Любезный братец, если ты только любишь меня, как я люблю тебя, успокой меня одним словом, что ты примешь участие в моем счастии и будешь содействовать его прочности и продолжительности. Будь уверен, что наше счастье неразделимо, как ты не можешь жить без меня, по собственным твоим словам, так и мне невозможно не думать о твоем спокойствии и об обеспечении тебя. Итак, любезный братец, постараемся, чтобы я мог согласить выполнять обязанности брата с важными и священными обязанностями мужа, которые исполнять обязывают меня ум, совесть и честь. Надеюсь, что ты не откажешь в справедливости требований любящему тебя всегда одинаково братцу твоему Петру Борисову.
Если хочешь прочитать все письма Катерины Дмитриевны, они в ящике.
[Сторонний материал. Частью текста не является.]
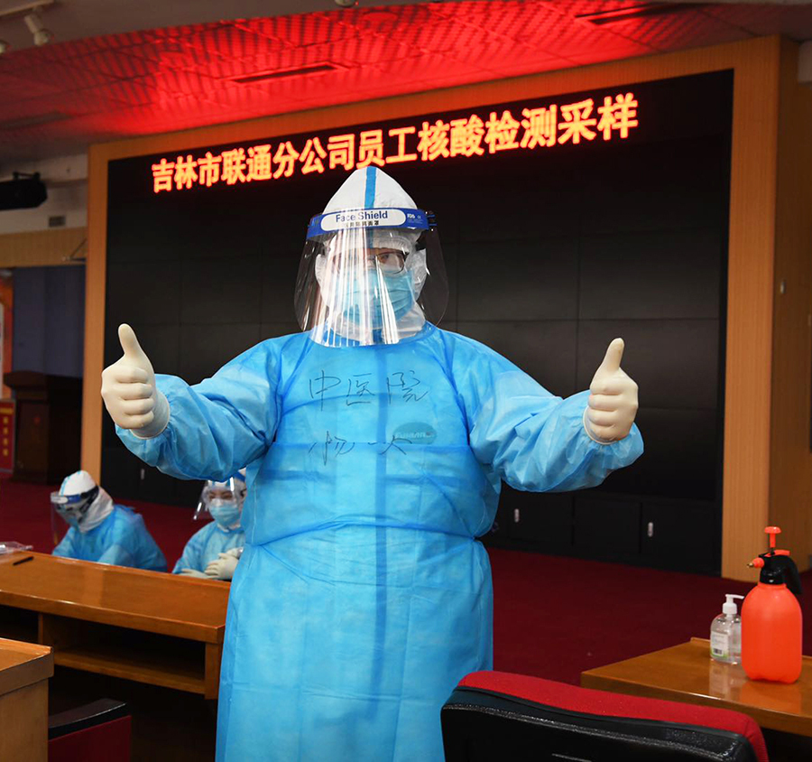 吉林市船营区是6位天使支援的对象。因为争取在最短的时间内为更多人检测,所以任务随时会来。进社区、入村屯,常常是白+黑,凌晨两三点钟回来是常事。另外,入户检测更考验体力。在三级防护下爬楼入户,最大的感受是喘不上来气,完成一次检测任务,衣服都湿透了。在汗渍的浸泡下,有的队员皮肤过敏,脖子、脸上都红了。但不管怎样困难,6位天使都努力坚持,为吉林市提供强有力的支持。不负领导重托,6位天使圆满完成支援任务,于5月22日返回长春。

П.И.Борисов - Д.Д.Старцеву. (здесь Дмитрий Дмитриевич Старцев - старший сын купца Старцева и брат Е.Д.Ильинской, близкий друг декабристов Бестужевых на поселении в Селенгинске, впоследствии взял на воспитание и усыновил двоих внебрачных детей Николая Бестужева - РД)
[14 января 1847 г, Малая Разводная]
Милостивый Государь Дмитрий Дмитриевич
Письмо ваше, которым вы удостоили меня от 3 генваря получено мною 14, и спешу засвидетельствовать чувствительную благодарность за весьма лестные ваши отзывы о моем характере и уме, при чем, однако же, не могу не заметить, что не только моя скромность, но и сознание хороших и дурных моих качеств не позволяют мне принимать бездумно похвал, так щедро вами расточаемых, не смея почесть их одним выражением светской учтивости, приуготовительными оговорками риторства. Я отношу все преувеличения моих достоинств одного увлечению доброго вашего расположения, в этом уверяет меня откровенность ваша, за которую моя признательность неограничена. Я чувствую вполне цену вашей искренности, она дает мне полное право говорить с вами согласно моему сердцу, но боясь чистосердечием оскорбить щепетильность вашу, не могу не сожалеть, что доброе, лестное даже преувеличение, даже удивление ваше, доброе ваше обо мне мнение не помешало вам предположить, будто бы я решился сделать вашей достойной сестрице столь важное предложение, нисколько не подумал о последствиях моего поступка, не принимая в соображение ни моих способов, ни моего положения, ни моих обстоятельств. Согласитесь, в мои лета (Петру Борисову в этот момент 47 лет - РД), с таких характером, как мой, и прочих моих обстоятельствах невозможно быть опрометчивым, столько легкомысленным. Все его последствия обсуждены и взвешены. Даже в предприятиях менее важных, уверяю вам, милостивый государь Дмитрий Дмитриевич, мой поступок, хотя внушенный одним сердечным влечением, был, однако же, строго разобран умом. Я знал, чем может подвергнуться ваша сестрица, принимая мое предложение, и думал о средствах отвратить неприятности, вознаградить потери. Ее счастье всегда было и будет для меня дороже, важнее моего собственного.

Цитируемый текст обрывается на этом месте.